Écoliers, lycéens, apprentis ne seraient pas en mesure de comprendre, ils seraient manipulés par des enseignants écolo-gauchistes qui auraient trouvé ce moyen pour déstabiliser nos démocraties.

La soudaineté, mais surtout l’étendue des manifestations surprennent et inquiètent. La surprise vient du fait que même dans nos rues, des enfants pourtant choyés ont osé braver l’interdit de prendre le public à témoin de leurs inquiétudes, et cela sur leurs heures de scolarité. Les directions scolaires et politiques ont montré leur impréparation qui, en décidant parfois de ne pas sanctionner, qui en menaçant, qui en infligeant des réprimandes.

L’inquiétude provient de la politisation de ces jeunes, embrigadés dans des formes de démonstrations publiques dont ils ne seraient pas en mesure de comprendre les enjeux. S’affirme ainsi la crainte de voir les manifestants gagner en masse les rangs des partis alternatifs, sur la base d’informations biaisées.

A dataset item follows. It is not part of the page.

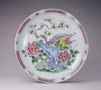 此盘的装饰风格接近清康熙时期的粉彩瓷器,尤其是口沿处的一周锦地开光和图案充满盘心的装饰方法在康熙时期的粉彩器物中很常见,由此推断这件器物应是雍正早期的作品。在装饰上运用雉鸡、牡丹、洞石等,寓意“吉祥富贵”和“长寿富贵”,这种借物寓意的装饰手法在清代瓷器上很流行。此盘构图严谨,运笔流畅,雉鸡的形象栩栩如生,盛开的牡丹花和用蓝料彩描绘的太湖石使画面平添了几分生机。

En somme, ces grèves n’auraient pas lieu d’être et elles ne seraient que des caprices d’enfants gâtés, crachant en quelque sorte dans la main de leurs bienfaiteurs.

Des commentaires plus récents s’en prennent aux comportements de ces jeunes échevelés qui auraient tout à montrer avant de scander leurs slogans et de brandir leurs calicots. Il leur est en particulier demandé de faire d’abord la démonstration de comportements responsables. Seraient-ils prêts à ne pas partir en vacances dans les paradis lointains? À renoncer à l’escapade d’une fin de semaine dans une capitale européenne? À refuser d’être transportés en voiture à l’école?

«Le défi de la rupture avec ce que les générations précédentes ont édifié comme culture de consommation»

Les exemples de dysfonctionnements sont cités à foison. Ils dénoncent en réalité des pratiques généralisées, desquelles les jeunes sont appelés à se distancier. On leur demande de relever, sans délai, le défi de la rupture avec ce que les générations précédentes ont édifié comme culture de consommation commune. Face aux irrationalités du passé, à l’origine de l’urgence climatique actuelle, les jeunes devraient se montrer raisonnables, voire sages, contre leurs aînés.

Cet appel à l’autocritique est déroutant puisque seuls les jeunes sont interpellés. Leur anxiété à devoir gérer demain les conséquences des indécisions actuelles est dès lors confirmée. Comment demander aux grévistes une preuve par l’acte alors que leurs aînés se montrent indifférents à leurs préoccupations?

Le défi du climat est l’affaire de chacun pour la vie de demain. C’est un effort de solidarité intergénérationnelle.

Créé: 25.06.2019, 07h04

René Knüsel, politologue.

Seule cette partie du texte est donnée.